:: Your task ::
All records below are to be set down precisely as written, excluding pictures.

[Collected data entries]
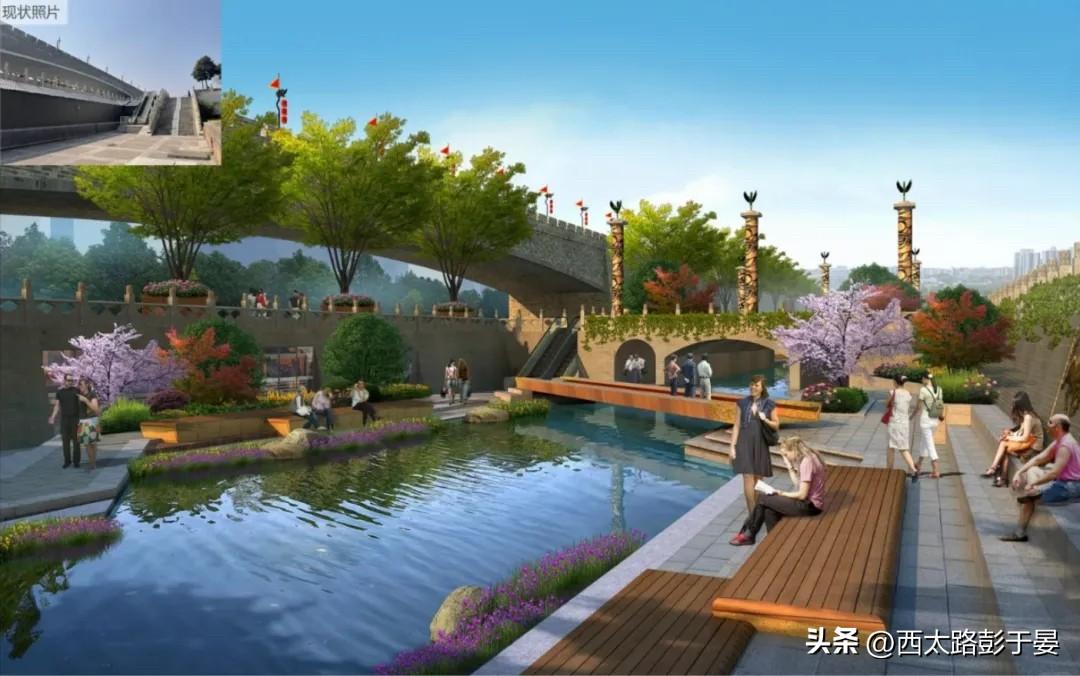 西安火车站旁边那段藏了好久的护城河,现在终于露出来了!按计划今年年底就能建好,以后从西安站出来,一眼就能看到护城河,不用再绕着找啦。 这段改造是今年1月开始的,就在火车站南广场那边,从尚勤门到尚德门那一片。目前,暗涵河道清淤工程、底板、侧墙及顶板混凝土浇筑工程等已完成,正在进行古法箍城、石材栏杆基座和广场铺装施工。 等弄好后,这里会是“上下两层”的设计:下层专门用来排污水、雨水,上层则会弄出4片小景观湖。河里还会种上水生植物,装曝气机,让水更干净。另外,火车站南广场那5万多平方米的地方也会翻新,绿化面积能多一半,还会新修公厕、小桥这些,以后从火车站出来,环境会比现在舒服多了,咱西安的“门面”也更像样了。
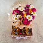 Delicie-se e encante-se com este maravilhoso kit de Flores e Chocolate. Composto por um deslumbrante arranjo de Flores do Campo Coloridas, que promete alegrar qualquer ambiente com sua variedade de cores vibrantes. Para tornar este conjunto ainda mais especial, incluímos 6 unidades de irresistíveis chocolates Ouro Branco ou Sonho de Valsa. Um presente perfeito para ocasiões especiais ou para simplesmente demonstrar o seu carinho.
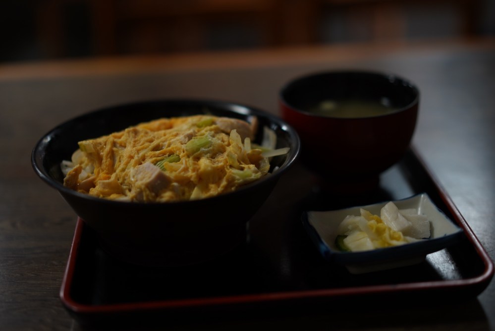 J’ai commandé un Oyako-don. Un don c’est un grand bol de riz et dessus le cuisto a rajouté de l’omelette, des filets de poulet non grillés et des oignons frais al dente. C’est super bon. En plus, pour compléter le plateau, ils ont déposé un petit bol de soupe miso et des pickles rafraîchissants.
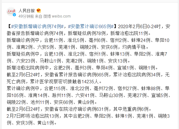 截至2月6日24时,安徽省累计报告确诊病例665例,累计治愈出院病例34例,无死亡病例,累计医学观察密切接触者14235人。
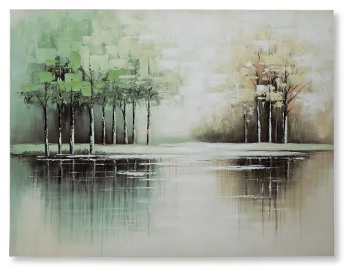 This wall art incorporates a touch of serene style into your decor. Trees are reflected in the rippling water of the foreground, crafting a peaceful landscape you’ll love to get lost in. With its green, tan and white hues, it’s a welcome addition to contemporary interiors.
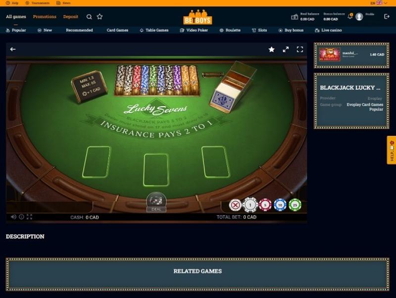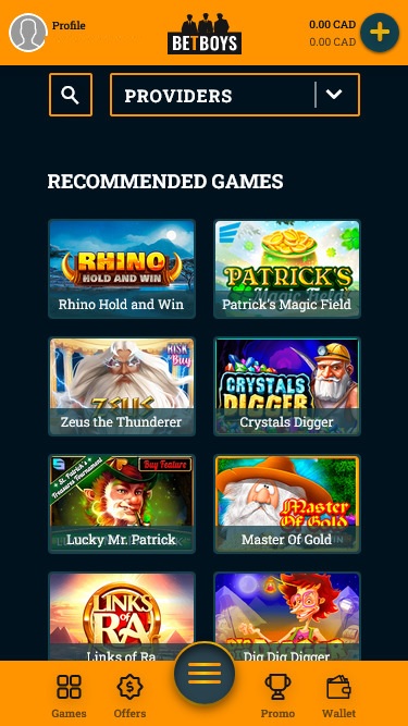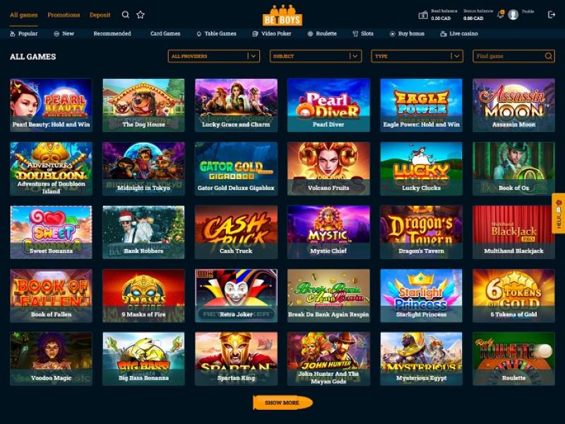 बेटबॉय कैसीनो में उपलब्ध सभी गेम निम्नलिखित श्रेणियों में व्यवस्थित हैं: अनुशंसित, बोनस खरीदें, लोकप्रिय, नया, स्लॉट, रूलेट, टेबल गेम, वीडियो पोकर, कार्ड गेम और लाइव कैसीनो।
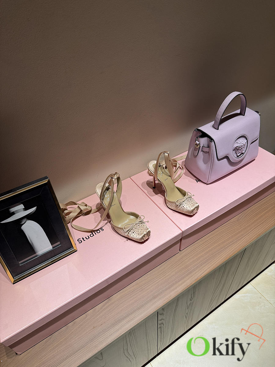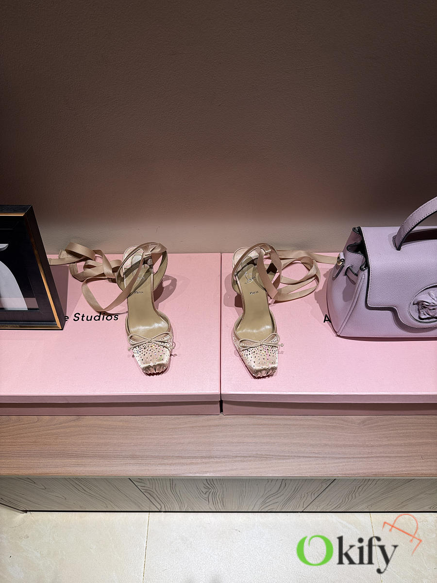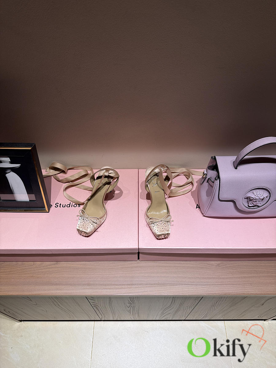 Okify Christian Louboutin Beige Satin Ballet Heels With Crystal 11cm
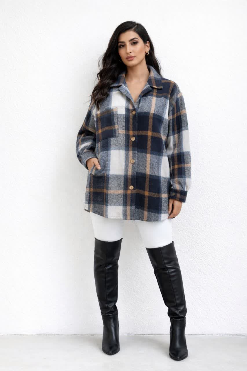ناموجودمانتو پشمی چهارخونه فری سایز
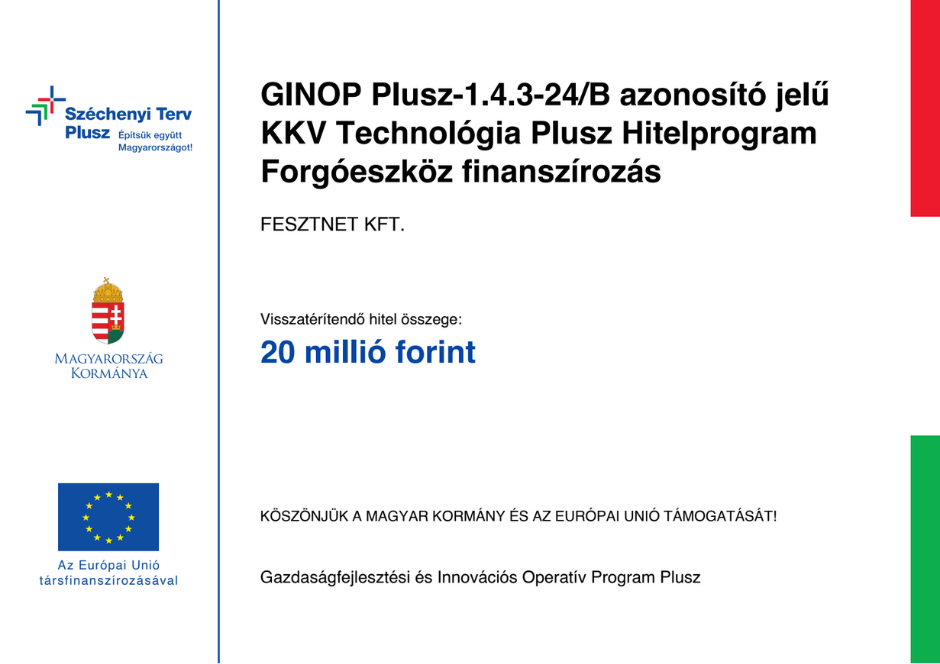 GINOP Plusz – 1.4.3 -24/B azonosító jelű KKV Technológia Plusz Hitelprogram – Forgóeszköz finanszírozás keretén belül a FESZTNET Kft. 20 000 000 forint visszatérítendő támogatást kapott Magyarország Kormánya és az Európai Unió jóvoltából.
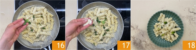 Aromatizad con unas hojas de menta fresca 16 y completad con Parmigiano Reggiano rallado 17. Servid enseguida vuestra pasta con berenjenas en blanco cremosa bien caliente 18.

:: Solution to this problem ::
 西安火车站旁边那段藏了好久的护城河,现在终于露出来了!按计划今年年底就能建好,以后从西安站出来,一眼就能看到护城河,不用再绕着找啦。 这段改造是今年1月开始的,就在火车站南广场那边,从尚勤门到尚德门那一片。目前,暗涵河道清淤工程、底板、侧墙及顶板混凝土浇筑工程等已完成,正在进行古法箍城、石材栏杆基座和广场铺装施工。 等弄好后,这里会是“上下两层”的设计:下层专门用来排污水、雨水,上层则会弄出4片小景观湖。河里还会种上水生植物,装曝气机,让水更干净。另外,火车站南广场那5万多平方米的地方也会翻新,绿化面积能多一半,还会新修公厕、小桥这些,以后从火车站出来,环境会比现在舒服多了,咱西安的“门面”也更像样了。
 Delicie-se e encante-se com este maravilhoso kit de Flores e Chocolate. Composto por um deslumbrante arranjo de Flores do Campo Coloridas, que promete alegrar qualquer ambiente com sua variedade de cores vibrantes. Para tornar este conjunto ainda mais especial, incluímos 6 unidades de irresistíveis chocolates Ouro Branco ou Sonho de Valsa. Um presente perfeito para ocasiões especiais ou para simplesmente demonstrar o seu carinho.
 J’ai commandé un Oyako-don. Un don c’est un grand bol de riz et dessus le cuisto a rajouté de l’omelette, des filets de poulet non grillés et des oignons frais al dente. C’est super bon. En plus, pour compléter le plateau, ils ont déposé un petit bol de soupe miso et des pickles rafraîchissants.
 截至2月6日24时,安徽省累计报告确诊病例665例,累计治愈出院病例34例,无死亡病例,累计医学观察密切接触者14235人。
 This wall art incorporates a touch of serene style into your decor. Trees are reflected in the rippling water of the foreground, crafting a peaceful landscape you’ll love to get lost in. With its green, tan and white hues, it’s a welcome addition to contemporary interiors.
 बेटबॉय कैसीनो में उपलब्ध सभी गेम निम्नलिखित श्रेणियों में व्यवस्थित हैं: अनुशंसित, बोनस खरीदें, लोकप्रिय, नया, स्लॉट, रूलेट, टेबल गेम, वीडियो पोकर, कार्ड गेम और लाइव कैसीनो।
 Okify Christian Louboutin Beige Satin Ballet Heels With Crystal 11cm
ناموجودمانتو پشمی چهارخونه فری سایز
 GINOP Plusz – 1.4.3 -24/B azonosító jelű KKV Technológia Plusz Hitelprogram – Forgóeszköz finanszírozás keretén belül a FESZTNET Kft. 20 000 000 forint visszatérítendő támogatást kapott Magyarország Kormánya és az Európai Unió jóvoltából.
 Aromatizad con unas hojas de menta fresca 16 y completad con Parmigiano Reggiano rallado 17. Servid enseguida vuestra pasta con berenjenas en blanco cremosa bien caliente 18.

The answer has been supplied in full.